* About this task
Exactly reproduce the lines from the one containing "(и заканчивает) игру." through the last line of the data, both ends included, leaving out pictures.

* Data excerpts
--------------------------------------------------
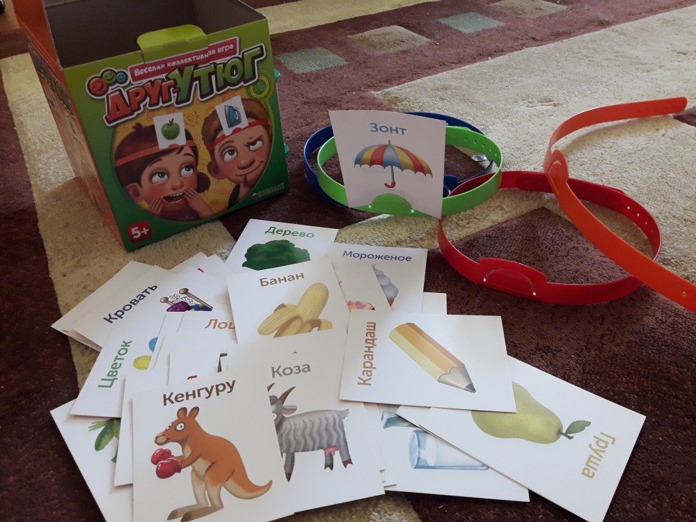 Веселая и интересная игра. Давно играем в нее всей семьей. Раньше клеили листочки написанные от руки на лоб, теперь нашли аналог с готовыми карточками и обручами для головы. Сразу же приобрели для дома. Игра подойдет для веселого времяпровождения на праздниках, как детских, так и взрослых, или просто для общения и игры со своими детьми. Правила простые и понятные. Думаю, игра никого не оставит равнодушным. Рекомендую!
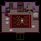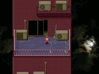 (и заканчивает) игру. Эта комната и балкон являются единственными местами, в которые есть доступ для Мадотсуки в реальном мире. Хотя Мадотсуки может выйти на балкон, выйти из двери она не может, лишь покачивает головой. Это может быть либо из-за ее типажа "Хикикомори" либо потому, что Мадотсуки физически не может её открыть.
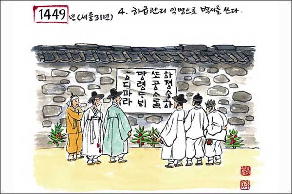 그러던 어느 날 어떤 사람이 벽에다 한글로 ‘하 정승아, 또 공사를 망령되게 하지 마라.’라고 써 놓았다. 이 벽서를 쓴 사람은 하급 관리일 것이다. 세종이 가장 먼저 한글 교육을 시킨 대상이 하급 관리였으며, 잘못된 정책으로 가장 먼저 피해를 보는 사람도 하급 관리였기 때문이다. 이 벽서 사건은 백성 누구나 생각을 적어 알릴 수 있게 되었고, 백성과 관료, 백성과 백성 사이에 자기 생각을 소통시킬 수 있게 되었음을 보여주는 역사적 사건이다.
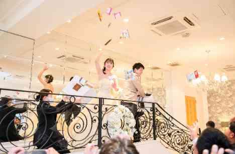 新郎新婦様が退場し、披露宴の余韻が冷めやらぬ間にゲストを会場の専用リビングへとご案内。新郎新婦から最後のサプライズは、名古屋の定番演出【お菓子まき】。箱いっぱいに用意されたお菓子を階段からゲストへお届けする人気演出です。一つでも多くのお菓子をキャッチしようとゲストも大盛り上がりでした。最後までゲストを楽しませようとしてくれたお2人でした。
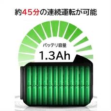 ◆安全面・パワーを考慮したリチウムイオンバッテリー。約45分の連続運転が可能。
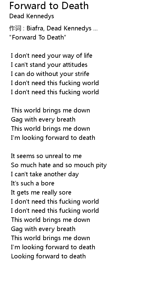 | I' m looking forward to death | |
--------------------------------------------------
* Problem solution
 (и заканчивает) игру. Эта комната и балкон являются единственными местами, в которые есть доступ для Мадотсуки в реальном мире. Хотя Мадотсуки может выйти на балкон, выйти из двери она не может, лишь покачивает головой. Это может быть либо из-за ее типажа "Хикикомори" либо потому, что Мадотсуки физически не может её открыть.
 그러던 어느 날 어떤 사람이 벽에다 한글로 ‘하 정승아, 또 공사를 망령되게 하지 마라.’라고 써 놓았다. 이 벽서를 쓴 사람은 하급 관리일 것이다. 세종이 가장 먼저 한글 교육을 시킨 대상이 하급 관리였으며, 잘못된 정책으로 가장 먼저 피해를 보는 사람도 하급 관리였기 때문이다. 이 벽서 사건은 백성 누구나 생각을 적어 알릴 수 있게 되었고, 백성과 관료, 백성과 백성 사이에 자기 생각을 소통시킬 수 있게 되었음을 보여주는 역사적 사건이다.
 新郎新婦様が退場し、披露宴の余韻が冷めやらぬ間にゲストを会場の専用リビングへとご案内。新郎新婦から最後のサプライズは、名古屋の定番演出【お菓子まき】。箱いっぱいに用意されたお菓子を階段からゲストへお届けする人気演出です。一つでも多くのお菓子をキャッチしようとゲストも大盛り上がりでした。最後までゲストを楽しませようとしてくれたお2人でした。
 ◆安全面・パワーを考慮したリチウムイオンバッテリー。約45分の連続運転が可能。
 | I' m looking forward to death | |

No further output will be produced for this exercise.